Bacaini.ID, KEDIRI – Suatu hari dalam sebuah momen wawancara pada pertengahan 1991, Dr Sjahrir bicara soal mahasiswa.
Ia bandingkan dengan eranya. Era Imada (Ikatan Mahasiswa Jakarta). Era tagline Buku, Pesta, dan Cinta mengudara, jadi kredo life style gerakan mahasiswa.
Para aktivis mahasiswa di jaman Sjahrir bukan hanya menggeluti politik, menggulati diskusi, pemikiran, kritik oto kritik dan demonstrasi.
Tapi juga bergembira ria di atas lantai dansa.
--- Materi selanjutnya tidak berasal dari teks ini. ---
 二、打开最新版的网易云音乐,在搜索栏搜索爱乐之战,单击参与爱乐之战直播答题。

Menikmati asyiknya bermain sepatu roda.
Intinya, kata Sjahrir yang akrab disapa Ciil, mahasiswa di eranya betul-betul full life as a university student.
“Kalau mahasiswa sekarang cintanya mungkin ada, tapi bukunya saya nggak tahu, dan pestanya bagaimana saya nggak tahu,” kata Sjahrir dikutip dari buku Para Tokoh Angkat Bicara (1995).
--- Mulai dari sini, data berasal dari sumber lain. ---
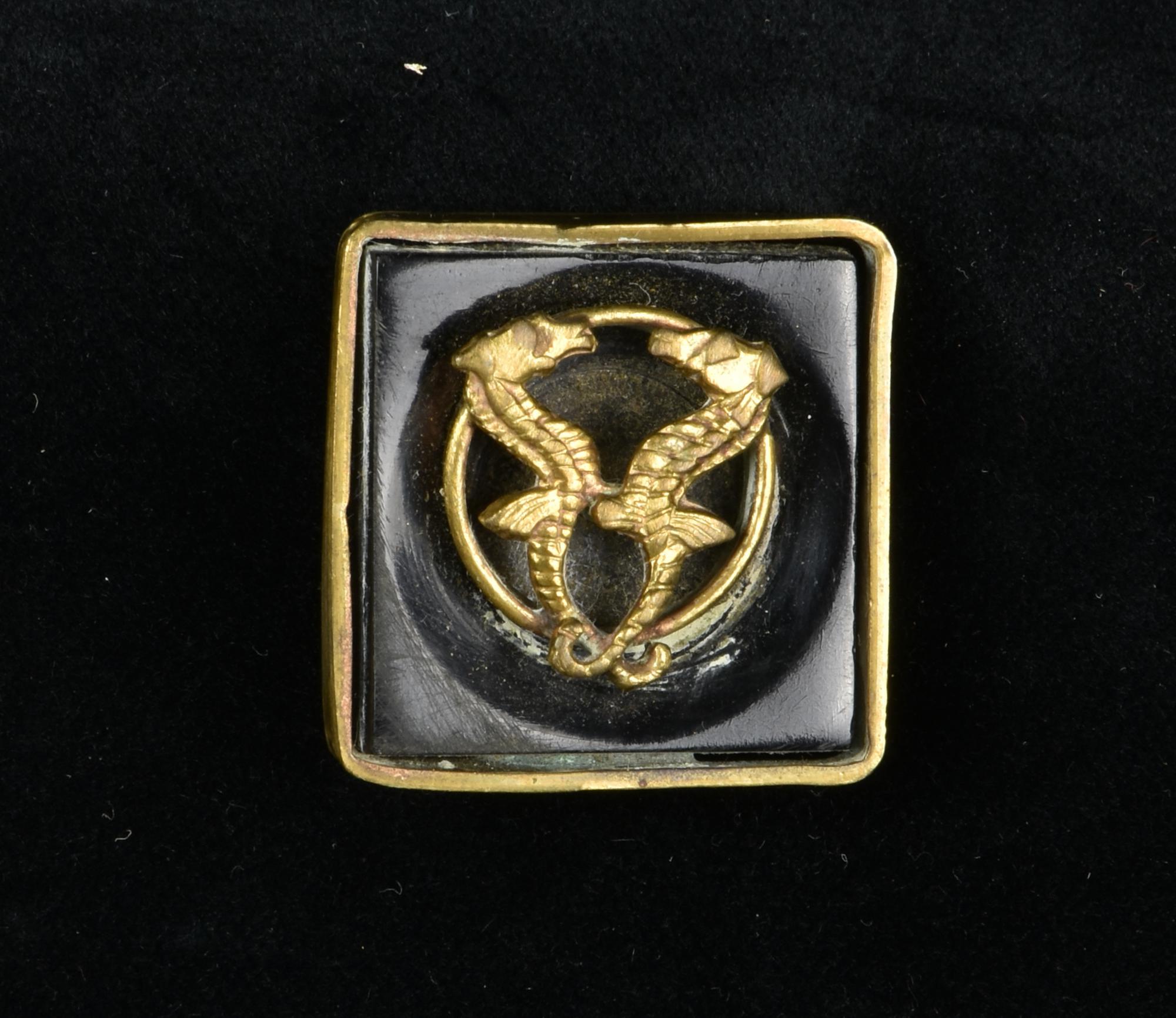 SPILLA IN METALLO DORATO E ONICE con simbolo raffigurante due cavallucci...

Lahir di Kudus Jawa Tengah 24 Februari 1945, Sjahrir merupakan salah satu tokoh dalam peristiwa demonstrasi tahun 1966.
Pada tahun 1970 Sjahrir memimpin demonstrasi Mahasiswa Menggugat yang tergabung dalam Komite Anti Korupsi.
Bersama Hariman Siregar, Yap Thian Hien, Mochtar Lubis, Adnan Buyung Nasution, Rahman Tolleng, ia ditangkap dalam peristiwa Malari 1974 (Malapetaka Lima Belas Januari).
Semua dibebaskan setelah menjalani penahanan dengan waktu yang bervariasi. Kecuali Hariman Sregar dan Sjahrir. Keduanya disidangkan.
Sjahrir divonis 6 tahun penjara. Berjalan 3 tahun, 10 bulan lebih 3 hari, kawan diskusi Soe Hok Gie ini dibebaskan dalam periode kasasi.
Menurut Sjahrir, dibanding eranya, tantangan mahasiswa kekinian jauh lebih berat, utamanya menyangkut kultur akademia, cara bergaul dan lain sebagainya.
Ia menyebut mahasiswa kekinian terlalu terpaku pada situasi ‘kekinian’.
Misalnya masuk jurusan akuntansi di fakultas ekonomi. Yang dipikirkan, kantor akuntan mana yang nanti merekrutnya.
Kalau ikut kegiatan olah raga, yang dipikirkan bisa pergi ke mana saja, dibanding tempat lain mana fasilitasnya yang lebih baik.
“Nah, keterpakuan pada ‘kekinian’ ini yang terjadi,” kata Sjahrir.
Sementara saat Sjahrir masuk fakultas ekonomi di UI, dirinya tidak pernah berfikir mau jadi apa, mau ambil jurusan apa.
Menurut dia keterpakuan pada ‘kekinian’ bisa dilampui melalui wawasan, gagasan, kemampuan, menguji dan refleksi.
Pada 28 Juli 2025 lalu Yayasan Padi Kapas Indonesia diluncurkan di gedung Bursa Efek Indonesia (BEI) Jakarta.
Hadir sejumlah tokoh penting, di antaranya Luhut Binsar Pandjaitan, Pandu Sjahrir dan Rosan Roeslani, juga Rocky Gerung.
Peluncuran Yayasan Padi Kapas Indonesia bentuk penghormatan kepada Dr Sjahrir sekaligus melanjutkan warisan pemikirannya.
Dr Sjahrir tutup usia pada 28 Juli 2008 dengan meninggalkan istri dan 2 anak.